Illinois Rocstar has begun a new DOE Phase I SBIR entitled, “The Chemlab Chemistry and Materials Science Lifecycle Data Repository.” The Chemlab project is designed to provide a place for scientists and engineers not only to archive and document their simulation datasets, including provenance information and, at times, output data (or detailed information about the generation of the output data) but to present a location to find datasets again later.
There are many sources for chemical and materials data available on the web, some of which are commercial, while others are freely available. Many universities have pages dedicated to helping their students and researchers find databases that can be accessed through their university library subscriptions (e.g., University of Illinois, MIT, etc.). There are even data repositories available for some disciplines. There is no shortage of sources for data, albeit it can still be difficult to find what is needed, especially for highly-specific or otherwise unusual compounds and/or materials. The Chemlab project does not aim to be another chemistry/materials database project, although it is our intent to help researchers locate other databases, but rather stems from previous work Illinois Rocstar has performed in the area of Simulation Lifecycle Management. Scientists and engineers performing chemistry and materials-oriented M&S certainly have the need to find appropriate data for their simulation activities, but another important facet of M&S that is rarely addressed is the so-called “dataset lifecycle” for the simulation datasets and results themselves, as illustrated in the figure below: birth→document→use→archive→search→reuse.
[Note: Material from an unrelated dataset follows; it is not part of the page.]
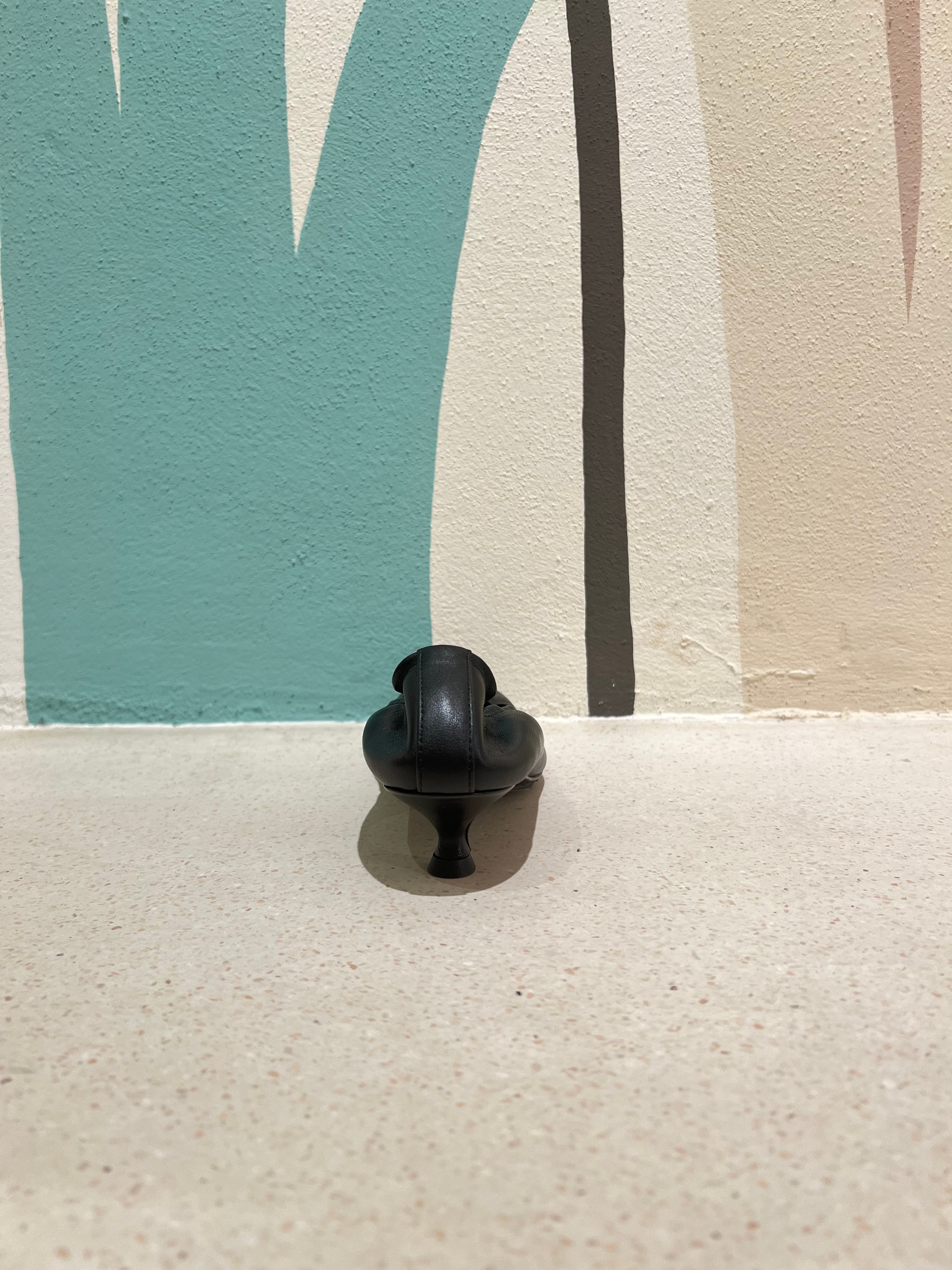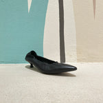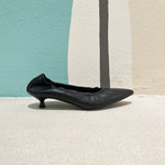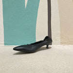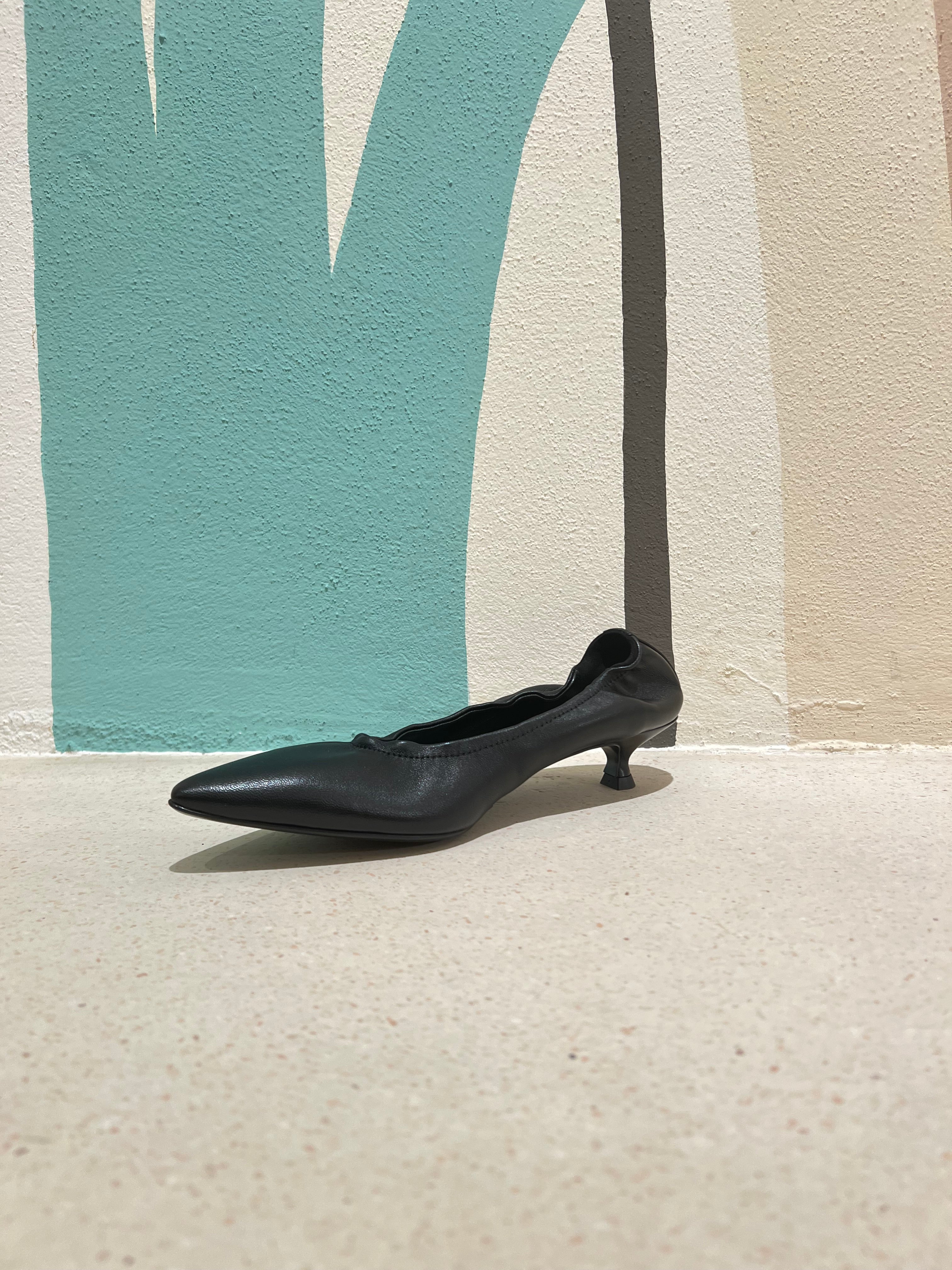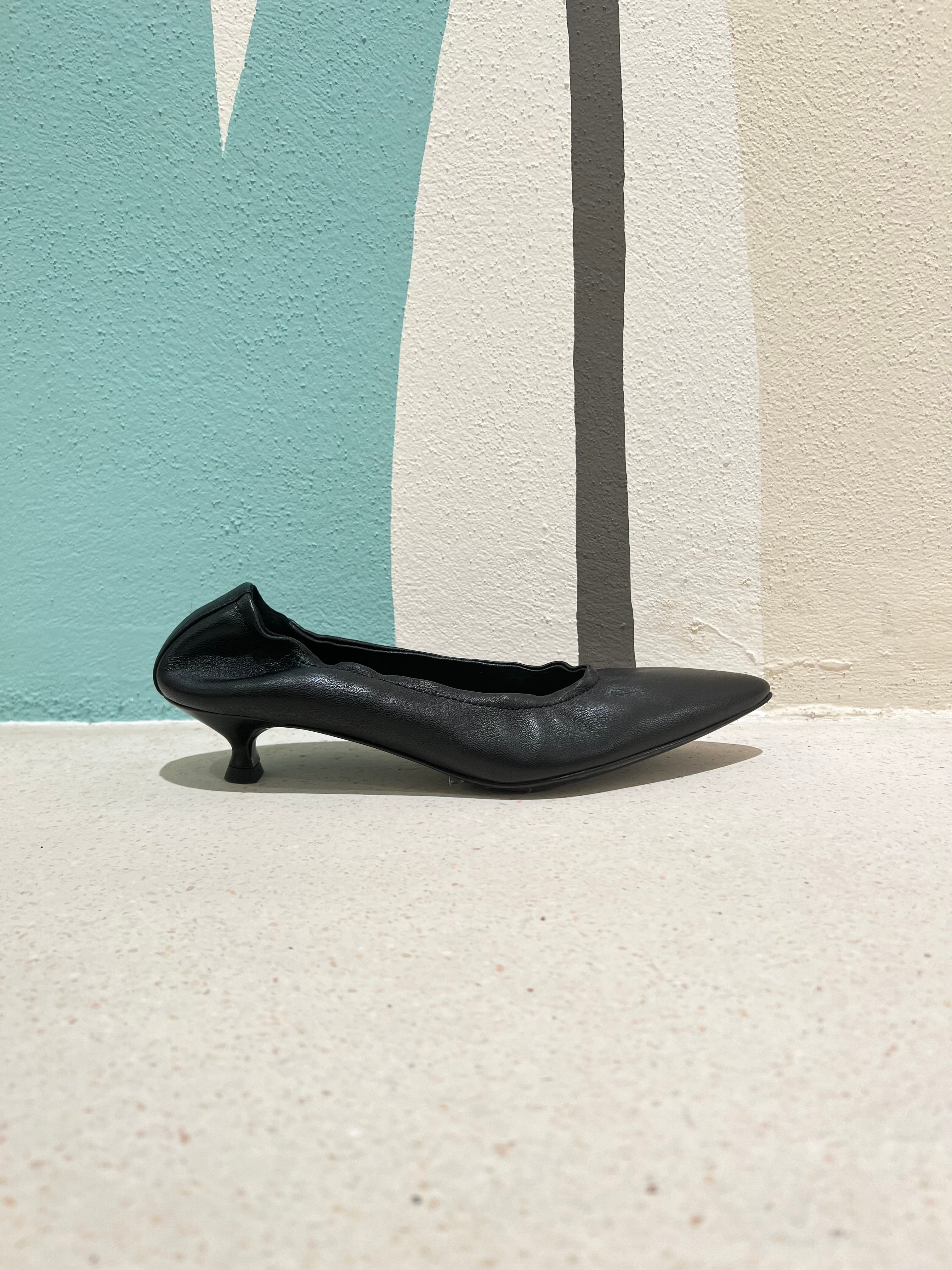 Pumps in nappa marrone con tacco basso, linea morbida arricciata lungo l’apertura

From a community perspective, a place to share data (when appropriate) is paramount. Other researchers with permission will be able to find and use the datasets, which in turn facilitates collaboration and reuse of data. Our vision is to have a publicly available version of Chemlab freely available on the web for researchers with the option to allow their data/datasets to be made public. By implementing a multisite search capability, we intend to allow private organizations to keep their data private while maintaining the ability to search the public instance seamlessly.